Collection Anatomies politiques

La satire politique a une longue tradition de cris, de pamphlets, de colères imprimées. Anatomies politiques emprunte une autre voie : celle du scalpel plutôt que du marteau.

Chaque livre de la collection prend pour objet un phénomène du pouvoir contemporain — une figure, une posture, un mécanisme de communication — et propose d’en réaliser l’autopsie. Non pour condamner. Non pour convaincre. Pour mettre à nu.

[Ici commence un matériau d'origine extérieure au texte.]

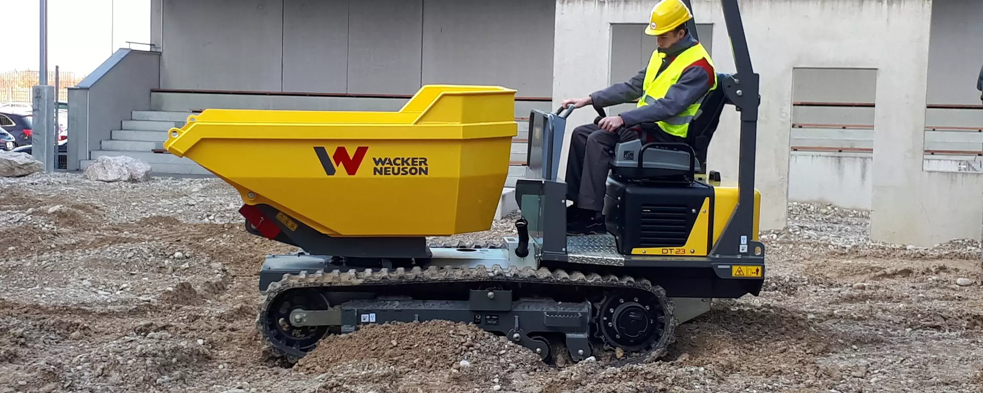 Potente in azione, delicato sul sottofondo e senza limitazioni nel terreno: Il DT23 è potente, padroneggia qualsiasi situazione senza sforzo, garantendo agilità e potenza. L’idraulica aggiuntiva opzionale per la trazione a due stadi e il collegamento di dispositivi esterni, quali un martello o una betoniera, ne fanno un talento tuttofare in ogni cantiere. Grazie alla trazione idrostatica sensibile, anche gli operatori inesperti possono prendere rapidamente confidenza con il dumper. Grazie ai componenti perfettamente coordinati e all’elevata forza di trazione il DT23 è l’ideale nonostante la sua tecnologia semplice per una facile manutenzione.

La liberté formelle est totale. Un ouvrage peut être entièrement composé de pages blanches si ce vide est la démonstration. Il peut avancer comme un essai rigoureux dont le chapitrage promet et ne tient pas ses promesses en même temps — et c’est précisément ce manque qui constitue le propos. L’architecture du livre est l’argument. La forme est la thèse.

L’ironie, ici, n’est jamais frontale. Elle est structurelle. Elle ne dit pas : regardez comme c’est absurde. Elle construit l’absurde et vous y installe, jusqu’à ce que vous le reconnaissiez vous-même.

Dans la tradition de Swift, de Flaubert ou du Dictionnaire des idées reçues, Anatomies politiques croit que le sarcasme le plus efficace est celui qu’on ne voit pas venir — et qu’on ne peut pas nier.

Les analyses et dispositifs formels présentés dans cet ouvrage n’engagent que leur auteur et ne reflètent pas nécessairement les positions d’UltraLetters Editions.

UltraLetters publie. Le lecteur conclut.